Химический Синод торговал, обменивал и в итоге создал из накупленных кусочков невероятное: разум, масштабы и сложность которого вызвали у Бет благоговение. Разум, созданный Свечником, оказался упрощенным подобием. А перед нею находилась настоящая вещь.
«Ближе», – мысленно приказала Бет Оскару, потянувшись вниз через огонь, чтобы погладить внутреннюю кожу рептилии. Он признательно наклонил голову. Голуби заклекотали и сердито захлопали на них крыльями, но, подчиняясь здравому смыслу или инстинкту, не рискнули трясти нефтяными перьями возле Оскара. Ящер подлетел поближе, зависнув рядом с неглубокой нишей примерно с него размером. Внутри, словно храмовая реликвия, помещалась затейливая стеклянная бутылка. Закупоренная в ней жидкость светилась тошнотворным желтым, болтаясь и скребясь по стеклу, словно в панике.

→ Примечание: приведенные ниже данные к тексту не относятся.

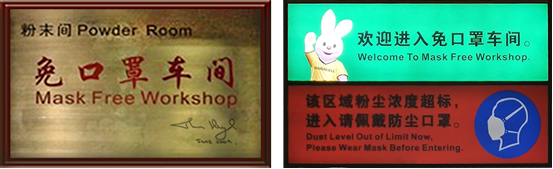 1、“免戴口罩车间” 匾牌和“免戴口罩车间”电子显示屏
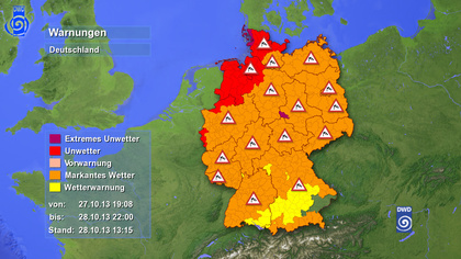 In fast ganz Deutschland sorgt das Orkantief 'Christian' für stürmischen Wind. Die höchsten Windgeschwindigkeiten wurden bis heute Mittag in den Mittelgebirgen gemessen: Über 100 km/h auf den Gipfeln des Thüringer Waldes, des Bayerischen Waldes und des Erzgebirges. Auf dem Feldberg im Schwarzwald wurden sogar 120 km/h registriert, auf dem Brocken 160 km/h.

Под донышком лежал квадратный листок бумаги с тремя словами, написанными аккуратным каллиграфическим почерком.
Страх – пауки. Иррациональное.
Бет взяла бумажку и перевернула ее. На обратной стороне оказалась запачканная черно-белая фотография угрюмого вида девочки в джинсовой куртке. Бет задумалась, был ли это снимок «до», и стала ли девочка менее надутой, когда получила то, чем Синод заплатил ей за ее арахнофобию? Оскар скользил от ниши к нише, зависая над каждой, словно колибри над цветком. Бет нашла колбу розово-туманной сентиментальности, коробку порошкообразного самоуважения, мензурки с различными глубоко укоренившимися мнениями – все со своим тонким неповторимым свечением. В пятой или шестой нише лежала коническая плоскодонная колба, похожая на те, что можно найти в школьной лаборатории. Жидкость внутри оказалась вязкой и металлической, словно ртуть, и липла к стенкам, когда девушка потрясла ее.

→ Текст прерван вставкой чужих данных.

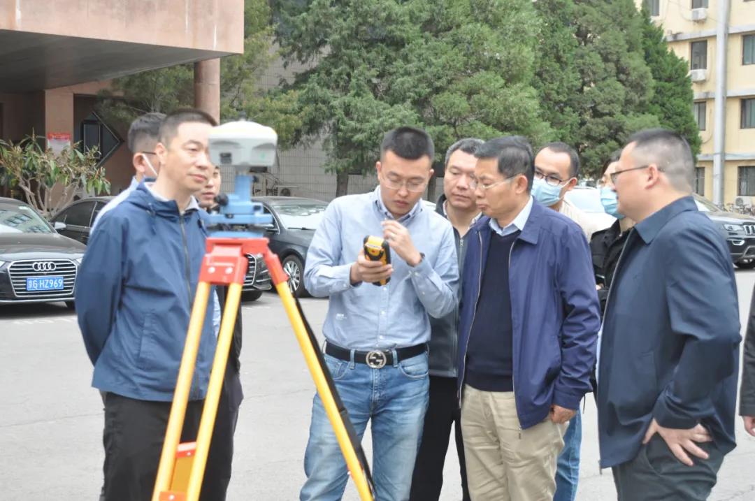 楊元喜院士觀摩北斗精度終端的戶外實測演示

Детские взгляды, склонности и воспоминания, – гласила этикетка. – Формируются к шестнадцати годам. Ниже мельче и убористее было приписано: Травматичное и необычное: разбивать по мере необходимости.
Удивившись, она перевернула бумажку, и по ее спине пробежала искорка потрясения. С фотографии на нее глядел растрепанный Филиус Виэ с вечной дерзкой ухмылочкой на губах.
Замешкавшись, Бет моргнула, почувствовав, что начинает потеть. Пальцы дернулись обратно к колбе…
…и она услышала рядом с собой резкий щелчок зажигалки.
– Аххх, наша новая безголоссая намессстница наконец-то насс навесстила.
Девушка повернулась, неохотно поставив колбу на место. Химический Синод наблюдал за нею из устья туннеля в противоположной стене. Они помахали ей, все как один.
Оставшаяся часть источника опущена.